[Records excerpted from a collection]
- - - -

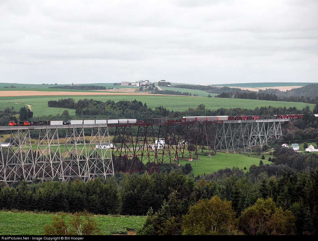 Eastbound mixed freight on CN's Atlantic main crosses the Salmon River bridge east of Grand Falls NB
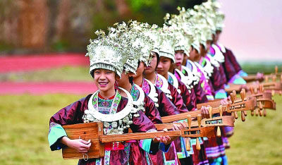 廣西三江侗族自治縣聘請(qǐng)民間師資到校開(kāi)設(shè)“非遺學(xué)堂”,豐富中小學(xué)生文化生活,促進(jìn)非遺技藝代代相傳。圖為學(xué)生們?cè)趶棾弊迮酶。新華社發(fā)
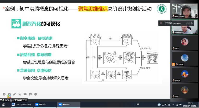 孟老师以让大家微笑15秒开始这趟思维的旅行,从课堂教学能否训练创造性思维,如何实现思维的跨越式发展,以及建构高阶性,创造性课堂教学问题的原因为我们展开讲授。在讲授过程中,孟老师从日积月累的修身、知识储备、专业技能等角度诠释了记忆思维和创造性思维的深度融合可使得理性思维得到发展。我们可以通过布置微创新的可视化学习任务,以指令明确目标清晰、激励创造指导创造、营造氛围交流模仿三个步骤干预学生认知思维的进阶,让学生的学习过程充满创造性,学习成果富有艺术性,在潜移默化中增加学生创造思维,创新能力和核心素养。孟老师说作为教师不应该把课程讲成一个神学,学生成为一个神徒,我们要设计目标,学生参与过程和教学评价,让学生建构自己理解,学会深度学习,从而突出以“学”为中心的转变。
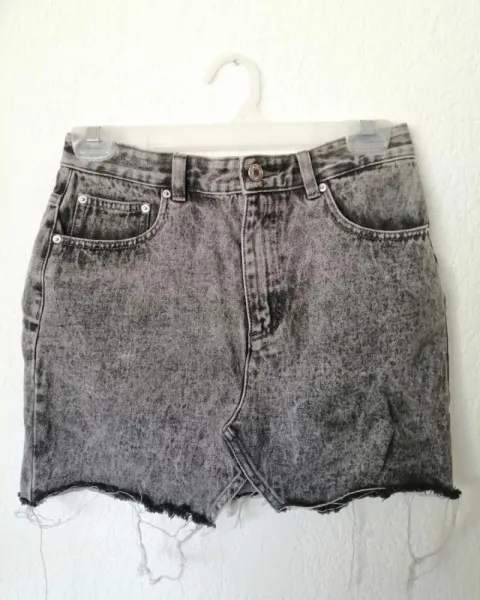 Falda de mezclilla, desilachada, talla 28 mx, queda ajustada. Super linda
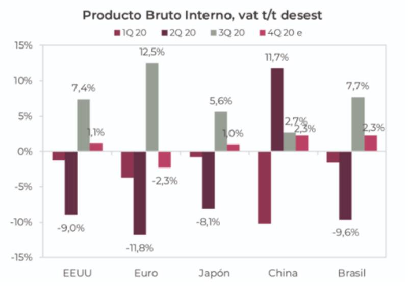 "Si bien a principios de noviembre del año pasado el mundo festejaba el éxito de las vacunas y la inminente vacunación, los contagios por Covid-19 continuaron, y tanto Europa como EE.UU. padecieron una segunda ola que obligó a nuevos confinamientos y restricciones. En estados Unidos, aunque siguió en alza, los datos de diciembre y enero en materia de empleo y ventas minoristas fueron decepcionantes. Son luces amarillas en un mundo que le cuesta dejar atrás la pandemia y en el que la recuperación económica no será ni tan rápida, ni tan lineal como se espera. El riesgo a una salida en forma de "W" sigue estando presente", advirtió Polo.
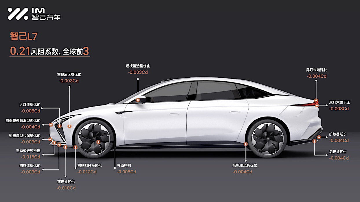 此外,智己L7大量采用空气动力学部件,以优化其风阻表现。

- - - -

(WHAT YOU WILL DO) Please return, exactly and with pictures omitted, the lines from the line holding "廣西三江侗族自治縣聘請(qǐ" through the end of the data above, inclusive.

(FINISHED TASK)
 廣西三江侗族自治縣聘請(qǐng)民間師資到校開(kāi)設(shè)“非遺學(xué)堂”,豐富中小學(xué)生文化生活,促進(jìn)非遺技藝代代相傳。圖為學(xué)生們?cè)趶棾弊迮酶。新華社發(fā)
 孟老师以让大家微笑15秒开始这趟思维的旅行,从课堂教学能否训练创造性思维,如何实现思维的跨越式发展,以及建构高阶性,创造性课堂教学问题的原因为我们展开讲授。在讲授过程中,孟老师从日积月累的修身、知识储备、专业技能等角度诠释了记忆思维和创造性思维的深度融合可使得理性思维得到发展。我们可以通过布置微创新的可视化学习任务,以指令明确目标清晰、激励创造指导创造、营造氛围交流模仿三个步骤干预学生认知思维的进阶,让学生的学习过程充满创造性,学习成果富有艺术性,在潜移默化中增加学生创造思维,创新能力和核心素养。孟老师说作为教师不应该把课程讲成一个神学,学生成为一个神徒,我们要设计目标,学生参与过程和教学评价,让学生建构自己理解,学会深度学习,从而突出以“学”为中心的转变。
 Falda de mezclilla, desilachada, talla 28 mx, queda ajustada. Super linda
 "Si bien a principios de noviembre del año pasado el mundo festejaba el éxito de las vacunas y la inminente vacunación, los contagios por Covid-19 continuaron, y tanto Europa como EE.UU. padecieron una segunda ola que obligó a nuevos confinamientos y restricciones. En estados Unidos, aunque siguió en alza, los datos de diciembre y enero en materia de empleo y ventas minoristas fueron decepcionantes. Son luces amarillas en un mundo que le cuesta dejar atrás la pandemia y en el que la recuperación económica no será ni tan rápida, ni tan lineal como se espera. El riesgo a una salida en forma de "W" sigue estando presente", advirtió Polo.
 此外,智己L7大量采用空气动力学部件,以优化其风阻表现。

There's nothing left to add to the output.